Hafta içi geldiği için gezilerinde ben ona eşlik edemedim.
Ama maşallah kızımız her yeri bulmuş, öyle ki Ulus Anadolu Medeniyetler Müzesi, Kale olmak üzere her yeri karış karış gezmiş. O gün öyle bir yağmur yağıyordu ki ben dedim hayatta bu kız çıkıp gezmez..
Yok anam çıkmış bir güzel gezmiş ve eve dönmüş..
Kalede Amerikalı bir çocukla tanışmış, oturup çay may içmişler.
Dönerken bindiği taksinin şoförü de bir güzel asılmış, bir şeyler içelim demiş...
Allah'ım bizim saftirik Sira'da adresimize kadar vermiş...Dedim canım olmadı benim nüfus kayıt örneğimi de çıkarttırıp verseydin yani..
Neyse; ertesi gün Anıtkabir'e gitti, orada bir ton ağlamış...
Mozoleye çiçek bırakan minik öğrencileri görünce dayanamamış...
Ki ertesi gün olan gün benim doğum günüm oluyor..
İş yerindekiler bana beğendiğim saati almışlar.. Casio retro...
Küçük dipnottan sonra kaldığımız yerden devam edelim;
Beraber baya dolaştık sonra eve döndük.
Ev arkadaşım bana pasta almış minnoşummm...
Birkaç arkadaş daha geldi, pastayı kestik hediyelerimi açtım hepsini çok sevdim..
Özellikle bir arkadaşım bir demet gül almış kendisi hem cinsim yani bir erkek değil...
Yalnızlığı görmüş olsa gerek.
Bu güller beni çok mutlu etti.
Saatler baya ilerleyip biz hafif bulduktan sonra dışarı çıktık..
Ehh Sira ertesi gün Kapadokyaya gideceğin için ona bir Ankara akşamı yaşatalım dedik..
Korkmayın kızı pavyona falan götürmedik.
İstese hemen karşı binada var bir kaç pavyon...
Ama kız tırsmasın, hazır Türkiye'ye aşık olmuş, aşkı nefrete dönüşmesin diye Retrox'a götürdük..
Oturduk, bir şeyler söyledik içmek için...
Problem burada başladı;
Çapraz masamızda oturan bir grup oğlan çocuğu dönüp dönüp bize bakmaya başladı.
Allah'ım ama öyle böyle bakma değil..
Öyle ki kendi arkadaşlarından biri bile " Abi kafanız mı güzel bakmayın artık" diye uyardı arkadaşlarını.
İçlerinden biri bir cesaret döndü bizim Sira'yla İspanyolca konuşmaya başladı..
Sira'da anlıyor ki İspanyolca-İtalyanca birbirlerine çok benziyorlar.

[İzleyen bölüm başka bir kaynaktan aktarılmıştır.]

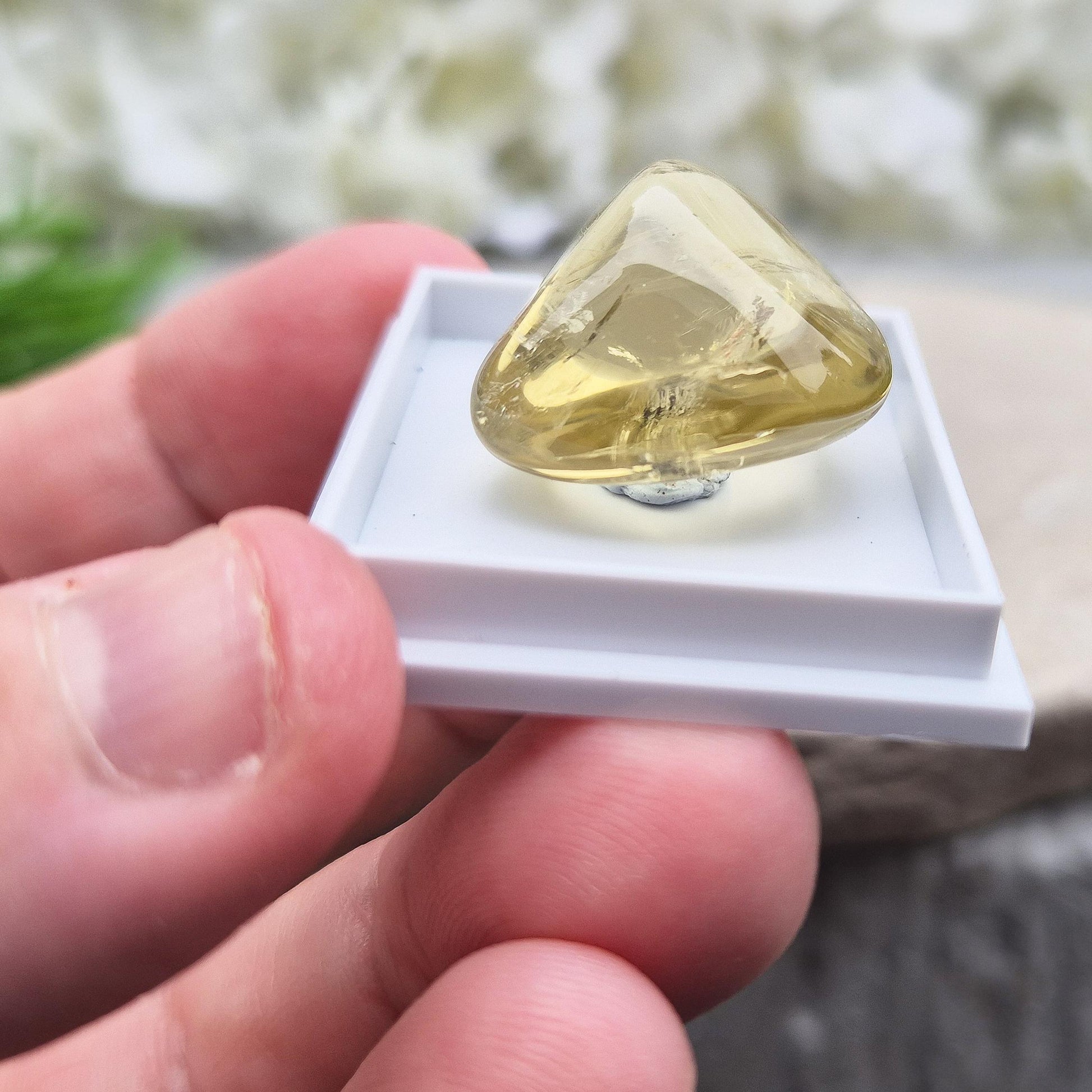 A rarer form of quartz with a distinctive olive-green tone, this Ouro Verde Quartz comes ready to display in a clear sample box (which can be removed if you prefer to carry or grid with it). This unusual variety of quartz is known for its strength and resilience. Said to hold a naturally protective energy that doesn’t need regular cleansing or recharging — making it a useful addition to your everyday crystal toolkit.

Ben bile anladım çoğu şeyi...
Çocuk sonra döndü benim bi arkadaşa siz Türk müsünüz diye sordu.
Ben de dalga geçerek onlar Türk ben Erzincanlıyım dedim. 
Arkadaşlarım gülmeye başladı çünkü ben her şeyde araya Erzincan'ı katarım.
Kızlar Erzincan'dan nefret bile etmiş olabilirler.
Çocuk demesin mi aaa ben askerliğim Erzincan'da yaptığım Ankara'dan daha güzel diye!!!
Biz tabi kahkahalarla gülmeye başladık. Çocuk baya baya yazdı sonrasında.
Bunlar iki dakika sonra ayaklandılar;
Biz Cafe Bien'e gidiyoruz isterseniz siz de gelin diye sordular biz de hadi canım kolay gelsin dedik.
Çocuklar baya iyiydi ama sorun abaza olmalarıydı!
Cehalet geçici öküzlük baki derlerdi inanmazdım doğruymuş.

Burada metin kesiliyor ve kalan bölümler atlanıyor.